The opposite of caviar & oysters is not discount store-bought puff pastry
Is the new gastronomic taboo disagreeing with the race towards the bottom?
This past week in Italy, everyone suddenly started talking about gastronomy.
It happened that social media cook and mega-influencer Benedetta Rossi claimed she became a victim of a storm of negative comments and insults on her pages, where commenters manifested their discontent mainly triggered by the fact that influencer Benedetta, in her recipes, invites users to make use pr pre-packaged and store-bought puff pastry and other cheap alternatives.
It all started when gastronomy-oriented Dissapore published a post with Benedetta’s 10 worst recipes of all time. It was a witty, clever and astonishing article, that to the rest of us provoked giggles.
But not to influencer Benedetta.
I admit that before this event, I had no clue about who this Benedetta was. I thought it was another Benedetta altogether, a famous TV cook and the sister of a famous TV presenter who I recall giving demonstrations of simple recipes live. Her recipes were easy to grasp and to handle, and not very different from the chicken à la Canalis which I always thought was the reason for her breakup with Clooney.
Anyways.
It was not that Benedetta, but an entirely different one, that after this incident went crying live on social media, which attracted the usual crowd of Schadenfreude mixed with upset followers, and the bane of the Internet (haters).
From a superficial analysis though it seems that the hate storm was directed towards her followers, not her. Regardless: this incident caused an avalanche of comments. An online fight ensued: on one side the supporters of Benedetta, on the other every gastronomer, cook, and cuisine-oriented person, together with nutritionists and such.
Even Times Uk picked up on her story. Forgetting perhaps she is not a humble lady taking some snaps from her kitchen. Her activities are headed by a company where she is CEO, with a turnover of over three million euros.
Everyone who pointed out anything but the sanctity of the mission to feed poor people with discount food was defined, by the followers of influencer Benedetta, as horrible classist snobs because they collectively refused to understand the class fight Benedetta was embarked into, pushing poor people to eat crap, and instead were pushing insane ideas like guaranteeing fair, affordable, healthy, clean and just food for all.
I know. These classist snobs.
Wanting to bring good food available for everyone. These horrible, horrible people. Why don’t they let poor people in peace, letting them eat Benedetta’s branded canned tuna and Benedetta’s branded Air Fryer-produced concoctions?

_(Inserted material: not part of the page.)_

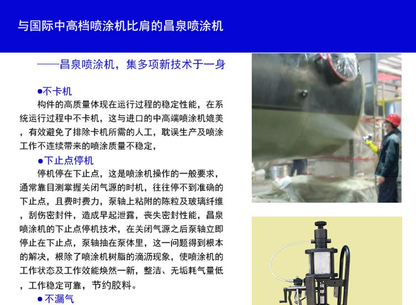 昌泉喷涂机是不卡机的喷涂机。工作时,不会因卡机而停机-死机。处理死机,一方面耗费人工(往往一个人专门 看护并处理),一方面耽误生产且影响产品质量,对有较高品味要求的玻璃钢产品(如双层罐等),生产中偶然停机,会破坏材质的连续性、均一性。昌泉喷涂机不卡机的特性,避免了生产中因卡机而停机,这一品质可与进口机媲美。
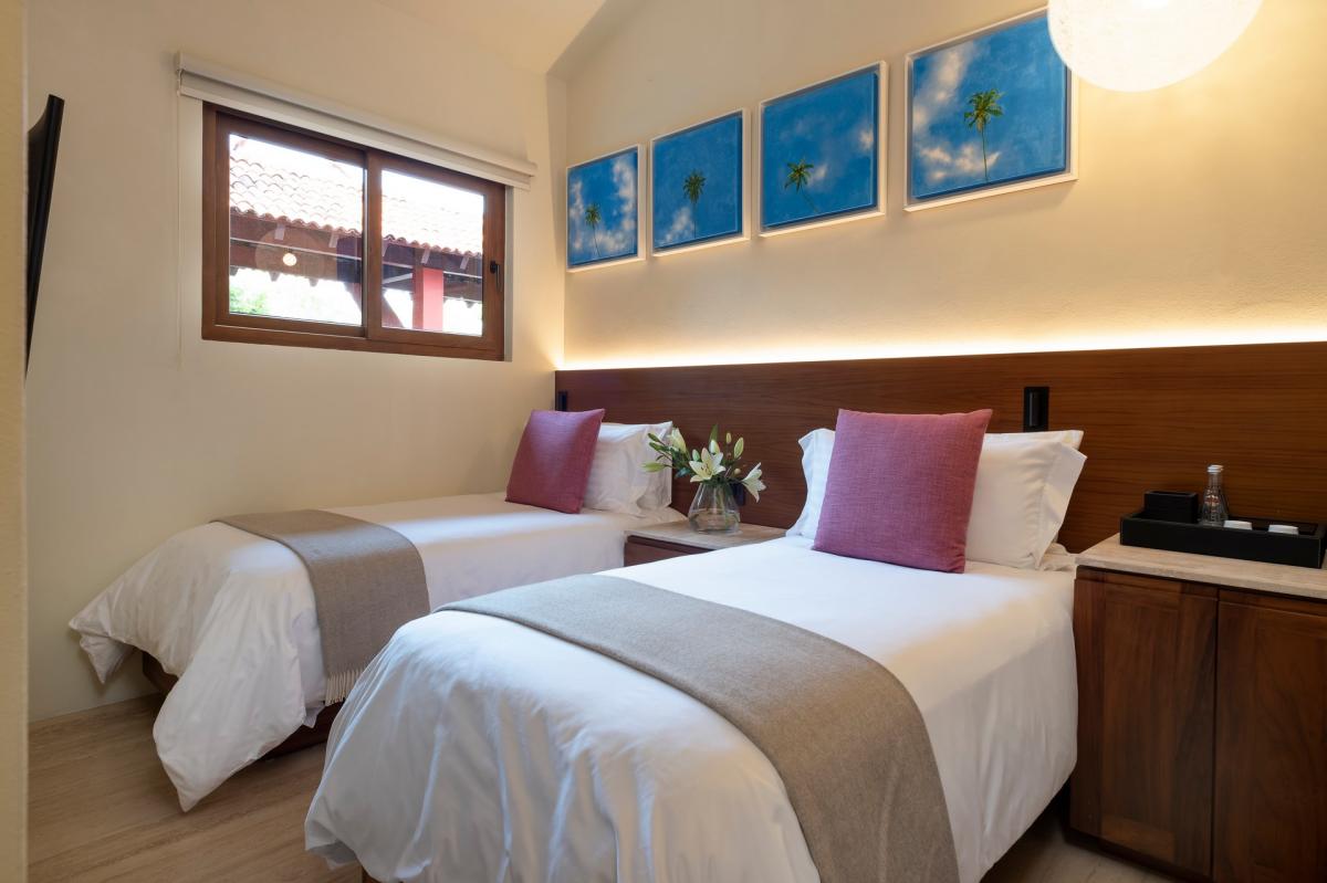 Bugambilias Suite 2: This spacious garden view suite offers two full-size beds, a television and Apple TV, personal security safe, an in-room minibar, a Nespresso® Coffee maker, and an ensuite bathroom with shower. The private patio offers a seating area and an outdoor shower. This suite can convert into One King Size and One Full-Size Bed or a double-size king bed with custom bed linens and is an excellent room to accommodate several younger guests.

The self-defined non-cook celebrity claims to be presenting her followers with simple, everyday recipes with, she says, an eye for the budget. She assured her followers that she doesn’t know how to cook, nor she wants to teach anyone how to eat. Yet, she built a business out of it.
Her detractors chastised her for an inconsiderate use of low-quality ingredients. They argue that eating badly should not be encouraged nor condoned, and that has nothing to do with money, but with habits.
Her defenders romped up in arms, wielding her as a banner against poverty and as an example for left-winged politics in defence of the poor, saying that gastro snobs have no place to exist.
They say that it is rightful and fine to normalise eating bad quality food and making use of low-quality ingredients. The only thing that counts is budget, and average.
Collectively, we are in a pickle here.
Her detractors seem preachers in the desert, arguing that the starting point is all wrong: feeding poor people crap because they are poor is wrong, and I agree with them.
I stand by the poor.
Everybody has the right and the need to eat delicious, nutritionally valid, and sustainable food. But everyone has also the duty to educate themselves about what goes into their mouths to fuel the machine.
I stand against ignorance and stupidity, tho.
I vehemently think that having access to sustainably produced food for an affordable price is a basic human and environmental right.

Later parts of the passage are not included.